Как мне безгрешной радости хотелось!
Мне — долгий грех унынья предстоял.
Конечно, найти ощущение безгрешной радости и веселия среди стонов и хрипов — когда кто-то рядом затихает навсегда, и ты как бы соучаствуешь, сопричастен, и тебе на всякий случай делают для успокоения укол — нет, не получается, иные мысли бродят.
Бел белый свет. Бела моя палата.
Темнеет лоб, пустынен и угрюм.
Чтоб написать: «... должна быть глуповата»,
как должен быть здоров и строен ум.
На тумбочке радом со мной иконка Божией Матери, Споручницы грешных, привезенная женой Ларисой, тут же «Новый Завет», его сын Григорий привез из дальних странствий.
«...ибо сие есть Кровь Моя Новаго Завета, за многих изливаемая во оставление грехов».
О грехах и мысли. О своих. О творящихся ныне вокруг.
«Берегитесь, чтобы кто не прельстил вас».
А кругом — тьма прельстителей, по всем каналам телевидения. И как иногда просто прельщается вся страна, весь народ. Что делать? Озлобляться? Но «если не будете прощать людям согрешения их, то и Отец ваш не простит вам согрешений ваших».

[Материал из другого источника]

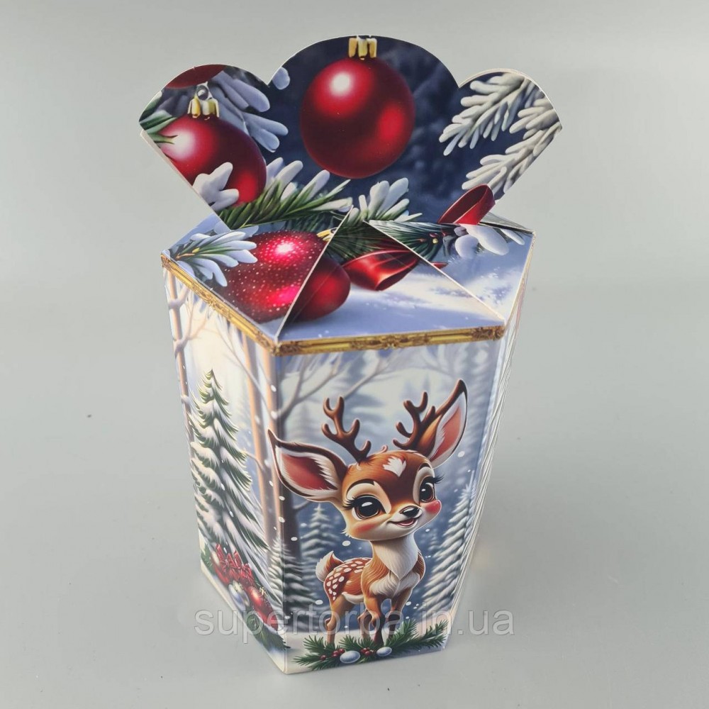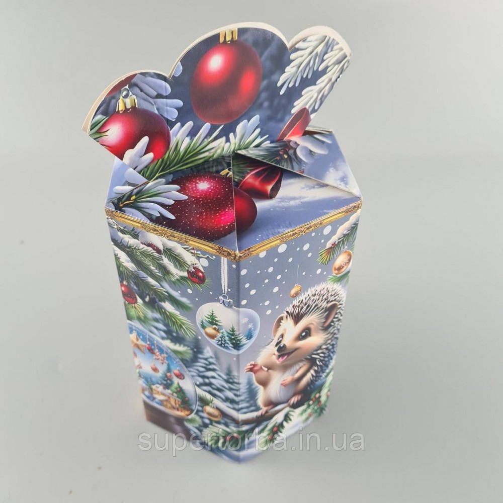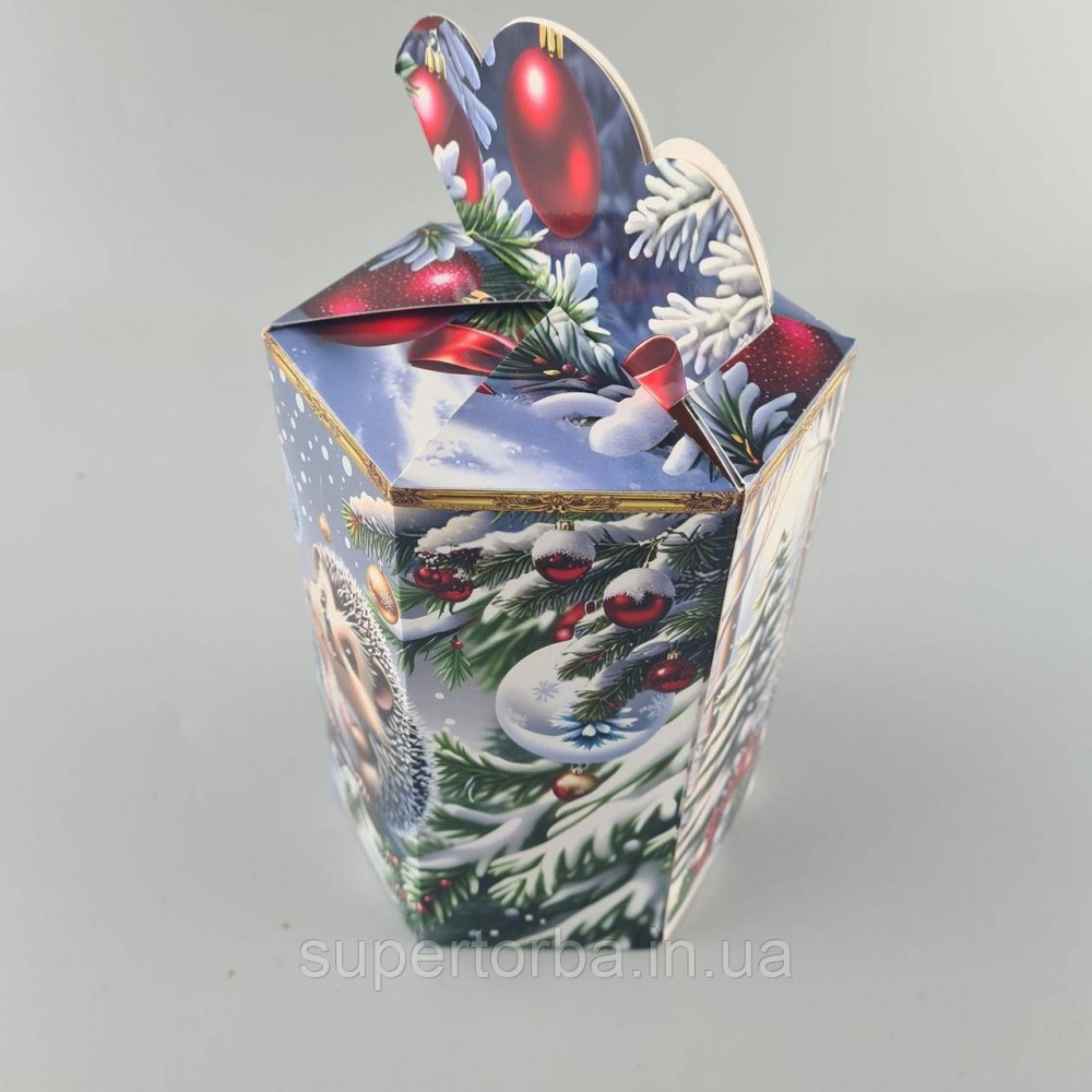 Новогодняя подарочная картонная упаковка для конфет (600грм) №227 "Дети в лесу" (1 шт)
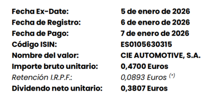 CIE Automotive logra un beneficio neto de 266 millones hasta septiembre, un 2,7% más que en 2024

Значит, надо искать Слово — для себя, для людей. Россия — страна Слова.
Вот и в стихах тех, больничных, тоже созвучно новому состоянию:
Тяжела, тяжела моя ноченька.
Сжальтесь, ангелы, всех потерь поверх.
Непрогляд и хлад одиночества
утаю от всех, лишь свече повем.
И такой же поиск своего, нового Слова:
Заслышав зов, уйду, пред утром непосильным,
в угодия твои, четырехтомный Даль.
Отчизны языка всеведущий спаситель,
прощенье ниспошли и утешенья дай...
Пусть удивится мой патриотический читатель, но все это, так запавшее мне в душу, я цитировал из подборки новых стихотворений Беллы Ахмадулиной в июльском номере «Знамени» за 1999 год. Скажете, больничная хворь сблизила? И это тоже:
Мой выигрыш — трофей кровоподтеков.
Что делать, если вены таковы.
Стан капельницы — строен и забавен.
Вдали от суеты и толкотни
я пребываю. Чем не Баден-Баден?
Но довольно о капельницах. Хотя и мне «ее капель, длясь, орошает слабые запястья». Все-таки в этой большой и цельной подборке важнее другое.

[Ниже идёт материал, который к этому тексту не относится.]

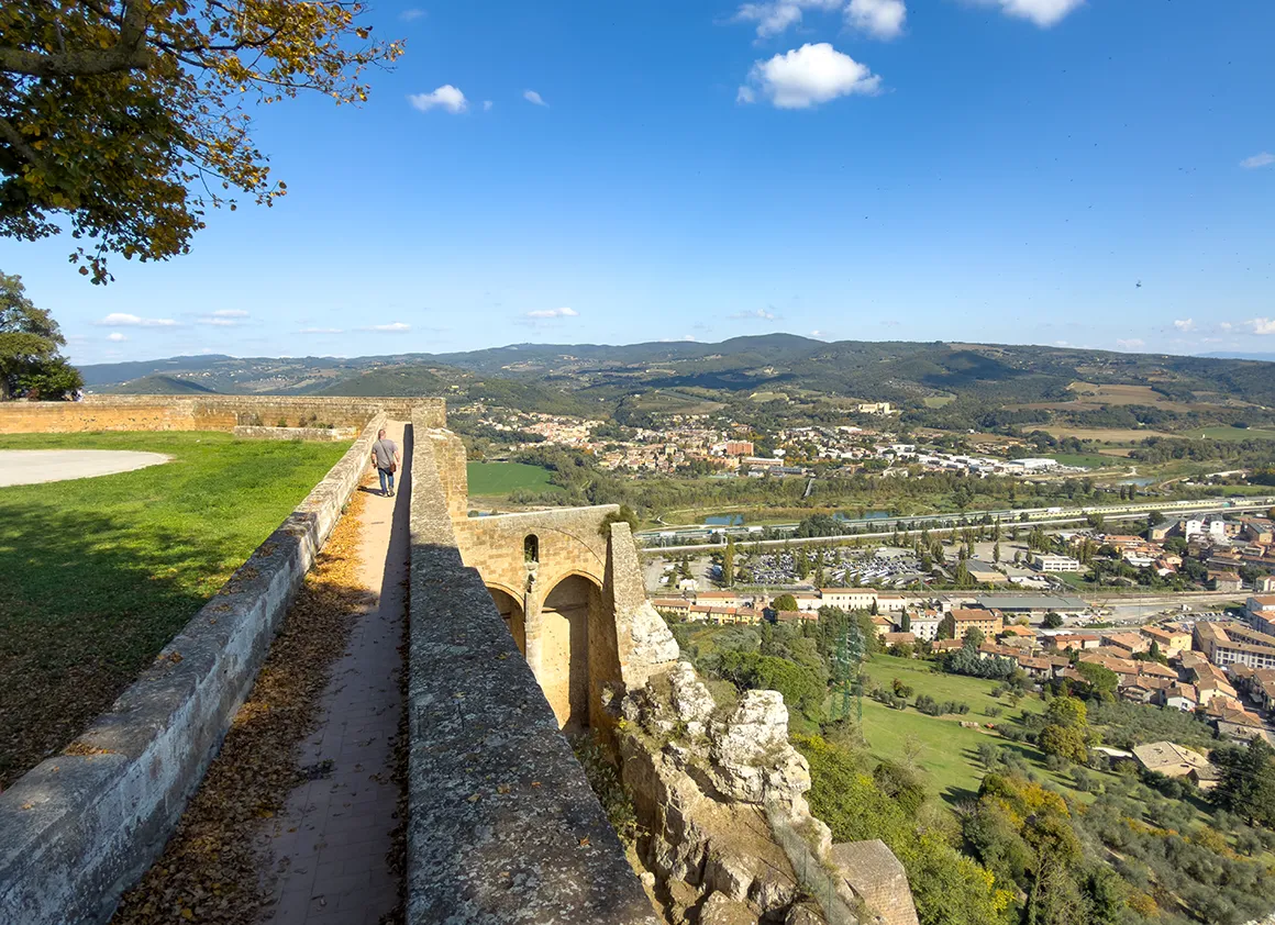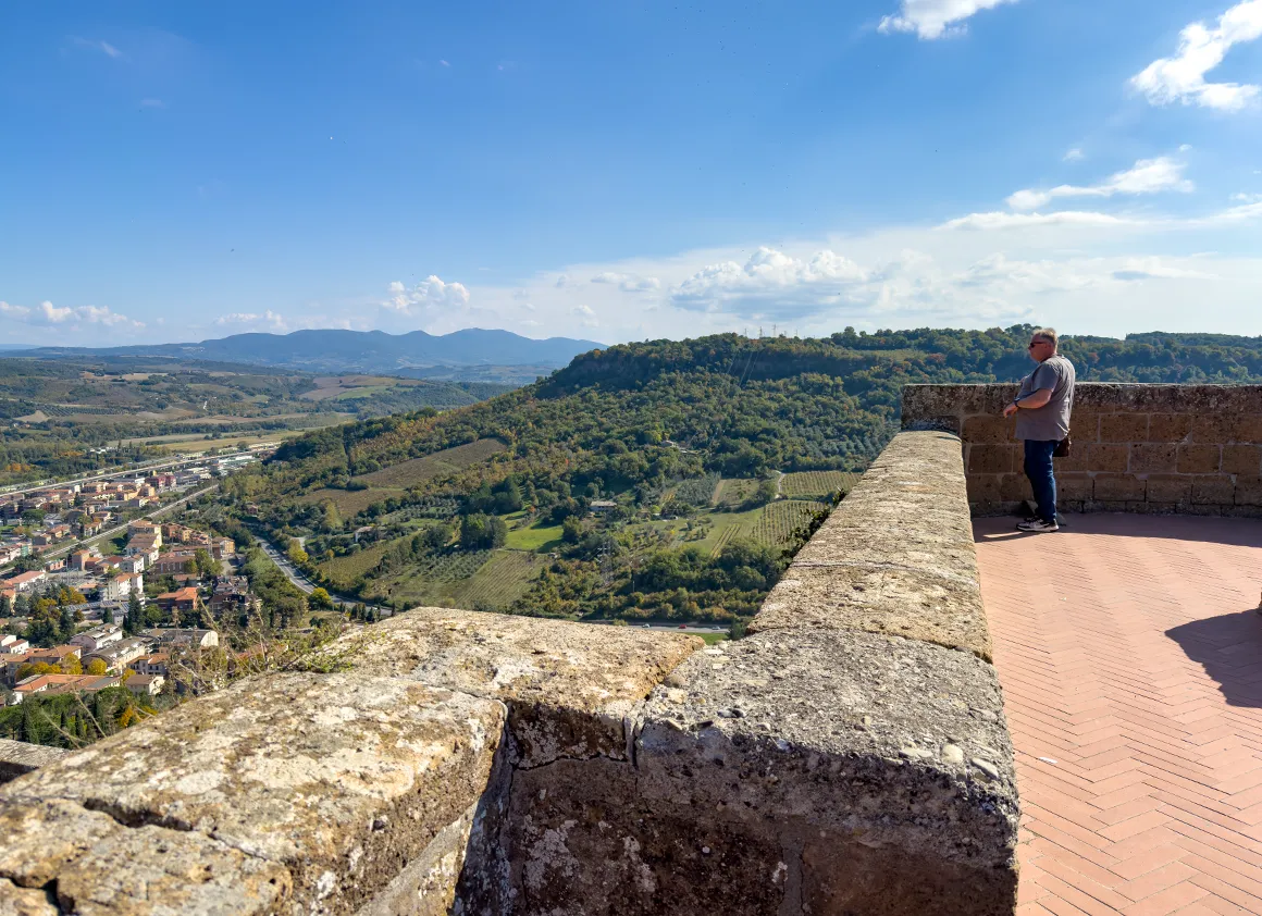 Unten rollen Traktoren durch die Felder, irgendwo bimmelt eine Glocke, und der Duft nach warmer Erde liegt in der Luft. Wir folgen dem befestigten Rundweg entlang der alten Mauern, vorbei an Zypressen, die im Wind rascheln wie altes Pergament. Stefan will wissen, ob hier mal was Belagerungsmäßiges passiert ist. Ich nicke wichtig, tue so, als hätte ich eine Doku gesehen, aber in Wahrheit denke ich nur an die Kamera – und daran, wie gut dieses Licht ist.
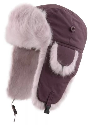 Warm trapper hat in synthetic with soft rabbit fur lining.
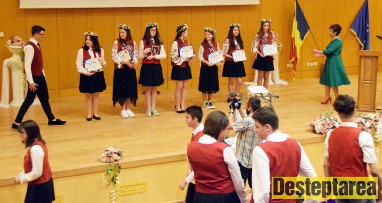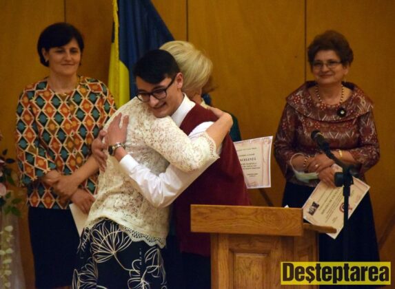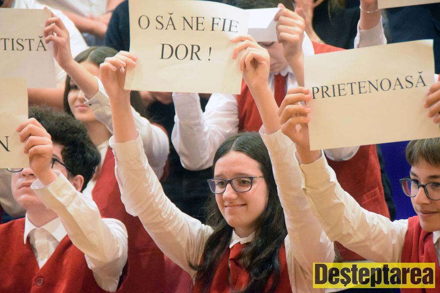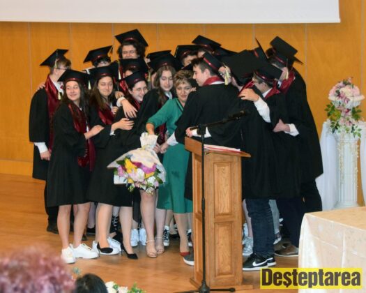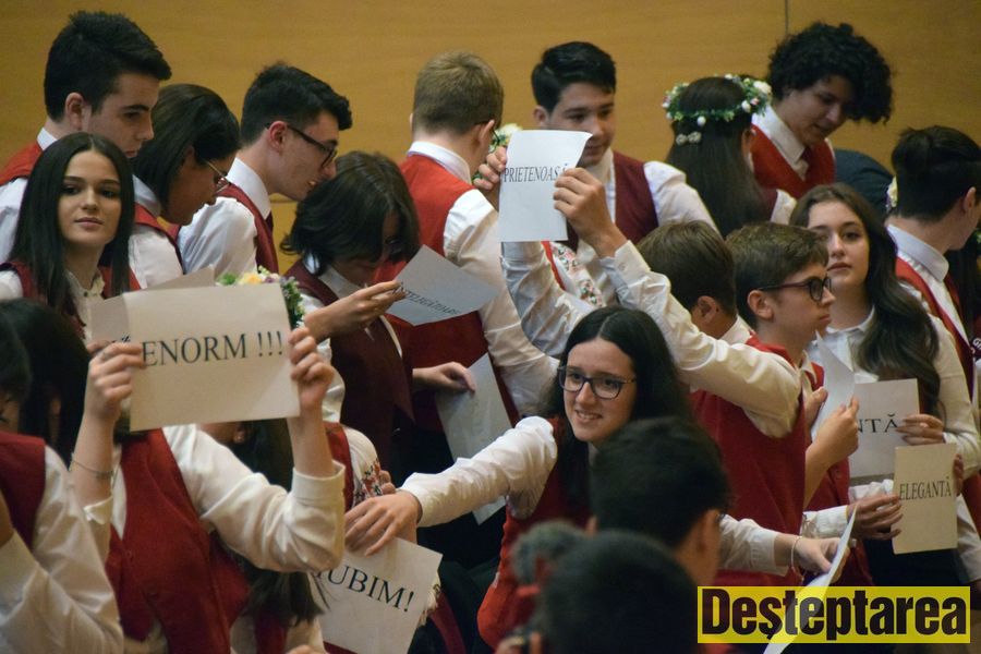 Pe acordurile celor de la Chainsmokers și Coldplay, curgeau imagini, curgeau amintiri, curgeau vorbele doamnei diriginte. Și mai curgea și câte o lacrimă.. Noi- mici, noi-mari, ore de curs, aniversări, excursii, vizite, spectacole, sultani și cadâne, părinți și bunici, târguri de legume, domnitorul Alexandru Cuza și domnița Elena Cuza, interviuri TV, festivități de premiere, acțiuni caritabile, tot ce poate strânge mai bun un elev vreme de nouă ani. La o așa poveste, o așa oglindă! Prin urmare, când fluturașii și-au luat zborul din catalog, am urcat din nou pe scenă, fiecare cu câte o coală de hârtie având un cuvânt sau un text diferit, iar toate, la un loc, compuneau un lung mesaj de mulțumire adresat celei care ne-a fost și mamă, și dascăl, și….Doamnei diriginte i-a mers la inimă mesajul.

Временное это состояние или нет, связано с больничными ощущениями, а если и связано, то надолго ли? Но пока среди белых стен бродят и белые безгрешные мысли:
«Пустынники и девы непорочны»
не отверзают попусту уста.
Их устыдясь, хочу писать попроще,
предслыша, как поимка непроста.
Может быть, и впрямь прозрение пришло, ожидание «неслыханной простоты», и уже не дают ей услады фейерверки слов и ее же черно-бархатные светлячки? Может быть, в самом деле в ее сумасбродстве появилась серьезная нота и, как уже предполагал один русский эмигрантский поэт, Ахмадулина переходит в новое качество, приближающее ее к народной жизни, к истинной поэзии?
Пусть эти ожидания ее окружению кажутся кощунственными, но привлекательная в молодости эмоциональная, чувственная напряженность в зрелые годы чем-то должна замещаться. Кружева и рюшечки на шестидесятилетней даме смотрятся уже пошловато и глуповато.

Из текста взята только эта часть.